What you have to do: Please restate each line of the material word for word and omit any pictures.

Recorded data:

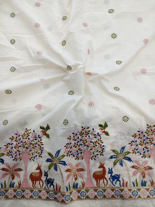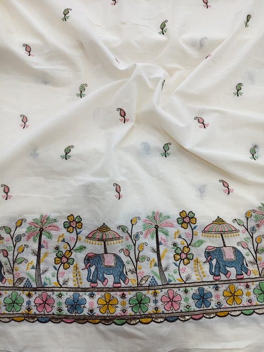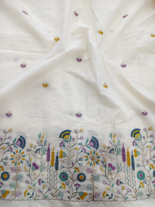 Kora cotton floral multi thread daman work
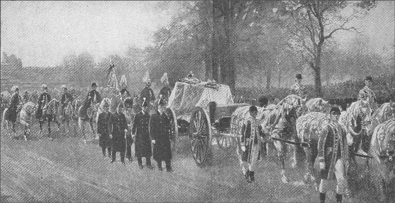 The Passing of the QueenThe opening of the new century found the war in South Africa still dragging wearily on, though the Commander-in-Chief, Lord Roberts, was able to return home, leaving the end to Lord Kitchener of Khartum. The Queen had sorrowed deeply over the war: it had undoubtedly clouded the last years of her life: she had longed for the tidings of peace, but these came too late for her to hear. Vague rumours had reached the outside world that all was not well with the Queen, but nothing definite was known outside the Court circle. She insisted on an interview with Lord Roberts, so that she might hear with her own ears the prospects of peace. To those who saw her ever-increasing weakness, there was cause for alarm in the coming interview on such a critical subject as the war. But the Queen was firm, and she gathered together her sinking energies for this final task. This was early in January. Some days later an alarm was sounded: "The Queen had not been lately in her usual health." Through the length and breadth of her great Empire the news ran, causing widespread anxiety. It was followed by a yet more ominous announcement: "The Queen was suffering from physical prostration." Men recalled her eighty-one years, her strenuous life, her sorrows and anxieties, her ceaseless toil, and shook their heads. On Sunday, January 20th, the tidings grew yet more serious, and few can forget the heavy gloom that settled down over the country. Two days later she passed peacefully away, and the longest reign in the annals of British history was over. Never through the long centuries had monarch been more beloved than was Britain's great Queen, Victoria. "She passed away", said one of her statesmen, "without an enemy in the world, for even those who loved not England loved her." She was mourned with a depth of reality to which few parallels can be found in the history of nations. All jealousies were forgotten; and her personal character, now fully understood in its kindliness, its simplicity, its unshrinking devotion to duty, its purity and goodness, inspired universal respect and genuine affection. From every part of the world came expressions of love and admiration, and the solemn funeral military procession through the heart of the Empire testified to the world-wide sorrow. They laid her, not with the other kings and queens of England in Westminster Abbey, but at Windsor, beside him whom she had loved and who forty years before had been laid there. Little else was spoken of but the Queen's wonderful reign. Her subjects loved to dwell on her high example as wife and mother. They spoke of how simply and naturally she had brought up her children, how she had encouraged their work and play, how she had surrounded them with her great mother love, and how, when the trouble of her life came to her with the death of the Prince Consort, her children were her strength and her comfort. Three of her children had passed on before her. In 1878 the Princess Alice, wife of Prince Louis of Hesse, died of diphtheria, caught from nursing one of her children. Six years later Leopold, Duke of Albany, died, leaving a widow and two young children, while only a few months before her own death she lost her second son, Alfred, Duke of Edinburgh and Saxe-Coburg Gotha. Three grandsons of the Queen died before the dawn of the twentieth century; for the Duke of Clarence, heir after the Prince of Wales to the throne, succumbed to an attack of influenza in 1892, Prince Alfred of Edinburgh died before his father, and Prince Christian Victor died in the South African War. But even private sorrows were never allowed to interfere with affairs of State, which weighed unceasingly upon her, often overwhelming her with work and anxiety.
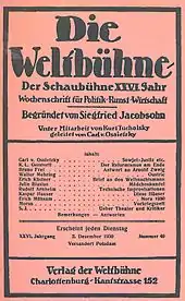 Die Weltbühne (‘The World Stage’) was a German weekly magazine for politics, art and the economy. It was founded in Berlin in 1905 as Die Schaubühne (‘The Theater’) by Siegfried Jacobsohn and was originally a theater magazine only. In 1913 it began covering economic and political topics and for the next two decades was one of the leading periodicals of Germany’s political left. It was renamed to Die Weltbühne (‘The World Stage’) on April 4, 1918, After Jacobsohn's death in December 1926, leadership of the magazine passed to Kurt Tucholsky, who turned it over to Carl von Ossietzky in May of 1927. The Nazi Party banned the publication after the Reichstag fire, and its last issue appeared on March 7, 1933. The magazine continued from exile as Die neue Weltbühne (‘The New World Stage’) until 1939. After the end of World War II, it appeared again under its original name in East Berlin, where it survived until 1993. In 1997, the magazines Ossietzky and Das Blättchen (‘The Leaflet’) followed in the tradition of their famous role model.
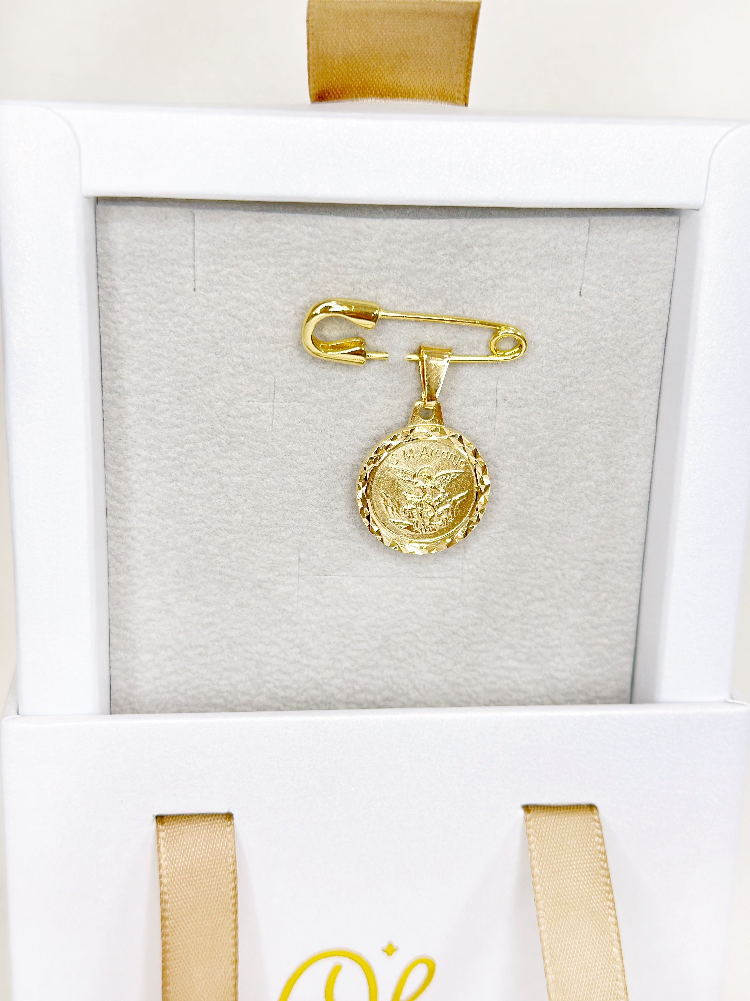 Gold Plated One Charm Pin Brooch (San Miguel Arcangel)
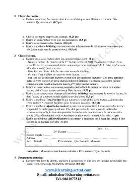 a. Définir une classe Facture dont les caractéristiques sont : (1 pt)
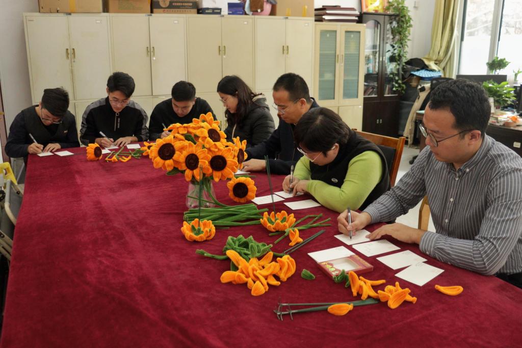 束束向日葵,诚意拳拳,寓意着向暖阳、“一举夺魁”。考研学子放下手中紧锣密鼓的学习任务,接过一束束鲜艳夺目的葵花,脸上不禁露出了久违的轻松与惬意的笑容。“这份特殊的礼物,就像冬日里的一缕温暖阳光,照亮了我的内心深处,给予了我无穷的力量和勇气。”考研学子李雅娜说道。
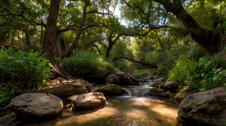 A stream winds its way through a dense forest, surrounded by large rocks and boulders. The water cascades over the rocky terrain, creating a dynamic and rugged natural landscape.
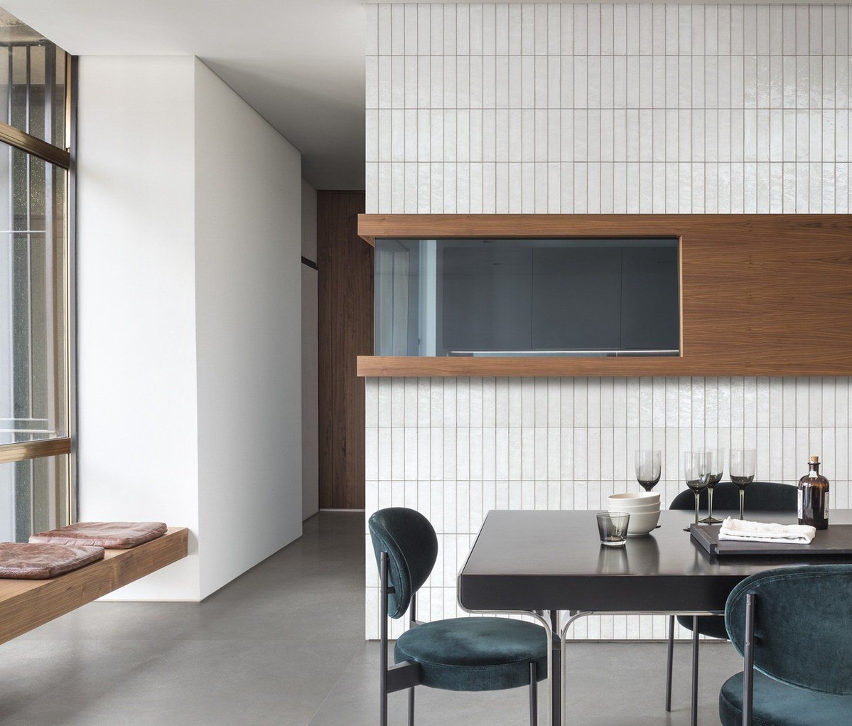 A smaller matte white tile gives the wall a softer, more relaxed feel.

Result for this task:
 Kora cotton floral multi thread daman work
 The Passing of the QueenThe opening of the new century found the war in South Africa still dragging wearily on, though the Commander-in-Chief, Lord Roberts, was able to return home, leaving the end to Lord Kitchener of Khartum. The Queen had sorrowed deeply over the war: it had undoubtedly clouded the last years of her life: she had longed for the tidings of peace, but these came too late for her to hear. Vague rumours had reached the outside world that all was not well with the Queen, but nothing definite was known outside the Court circle. She insisted on an interview with Lord Roberts, so that she might hear with her own ears the prospects of peace. To those who saw her ever-increasing weakness, there was cause for alarm in the coming interview on such a critical subject as the war. But the Queen was firm, and she gathered together her sinking energies for this final task. This was early in January. Some days later an alarm was sounded: "The Queen had not been lately in her usual health." Through the length and breadth of her great Empire the news ran, causing widespread anxiety. It was followed by a yet more ominous announcement: "The Queen was suffering from physical prostration." Men recalled her eighty-one years, her strenuous life, her sorrows and anxieties, her ceaseless toil, and shook their heads. On Sunday, January 20th, the tidings grew yet more serious, and few can forget the heavy gloom that settled down over the country. Two days later she passed peacefully away, and the longest reign in the annals of British history was over. Never through the long centuries had monarch been more beloved than was Britain's great Queen, Victoria. "She passed away", said one of her statesmen, "without an enemy in the world, for even those who loved not England loved her." She was mourned with a depth of reality to which few parallels can be found in the history of nations. All jealousies were forgotten; and her personal character, now fully understood in its kindliness, its simplicity, its unshrinking devotion to duty, its purity and goodness, inspired universal respect and genuine affection. From every part of the world came expressions of love and admiration, and the solemn funeral military procession through the heart of the Empire testified to the world-wide sorrow. They laid her, not with the other kings and queens of England in Westminster Abbey, but at Windsor, beside him whom she had loved and who forty years before had been laid there. Little else was spoken of but the Queen's wonderful reign. Her subjects loved to dwell on her high example as wife and mother. They spoke of how simply and naturally she had brought up her children, how she had encouraged their work and play, how she had surrounded them with her great mother love, and how, when the trouble of her life came to her with the death of the Prince Consort, her children were her strength and her comfort. Three of her children had passed on before her. In 1878 the Princess Alice, wife of Prince Louis of Hesse, died of diphtheria, caught from nursing one of her children. Six years later Leopold, Duke of Albany, died, leaving a widow and two young children, while only a few months before her own death she lost her second son, Alfred, Duke of Edinburgh and Saxe-Coburg Gotha. Three grandsons of the Queen died before the dawn of the twentieth century; for the Duke of Clarence, heir after the Prince of Wales to the throne, succumbed to an attack of influenza in 1892, Prince Alfred of Edinburgh died before his father, and Prince Christian Victor died in the South African War. But even private sorrows were never allowed to interfere with affairs of State, which weighed unceasingly upon her, often overwhelming her with work and anxiety.
 Die Weltbühne (‘The World Stage’) was a German weekly magazine for politics, art and the economy. It was founded in Berlin in 1905 as Die Schaubühne (‘The Theater’) by Siegfried Jacobsohn and was originally a theater magazine only. In 1913 it began covering economic and political topics and for the next two decades was one of the leading periodicals of Germany’s political left. It was renamed to Die Weltbühne (‘The World Stage’) on April 4, 1918, After Jacobsohn's death in December 1926, leadership of the magazine passed to Kurt Tucholsky, who turned it over to Carl von Ossietzky in May of 1927. The Nazi Party banned the publication after the Reichstag fire, and its last issue appeared on March 7, 1933. The magazine continued from exile as Die neue Weltbühne (‘The New World Stage’) until 1939. After the end of World War II, it appeared again under its original name in East Berlin, where it survived until 1993. In 1997, the magazines Ossietzky and Das Blättchen (‘The Leaflet’) followed in the tradition of their famous role model.
 Gold Plated One Charm Pin Brooch (San Miguel Arcangel)
 a. Définir une classe Facture dont les caractéristiques sont : (1 pt)
 束束向日葵,诚意拳拳,寓意着向暖阳、“一举夺魁”。考研学子放下手中紧锣密鼓的学习任务,接过一束束鲜艳夺目的葵花,脸上不禁露出了久违的轻松与惬意的笑容。“这份特殊的礼物,就像冬日里的一缕温暖阳光,照亮了我的内心深处,给予了我无穷的力量和勇气。”考研学子李雅娜说道。
 A stream winds its way through a dense forest, surrounded by large rocks and boulders. The water cascades over the rocky terrain, creating a dynamic and rugged natural landscape.
 A smaller matte white tile gives the wall a softer, more relaxed feel.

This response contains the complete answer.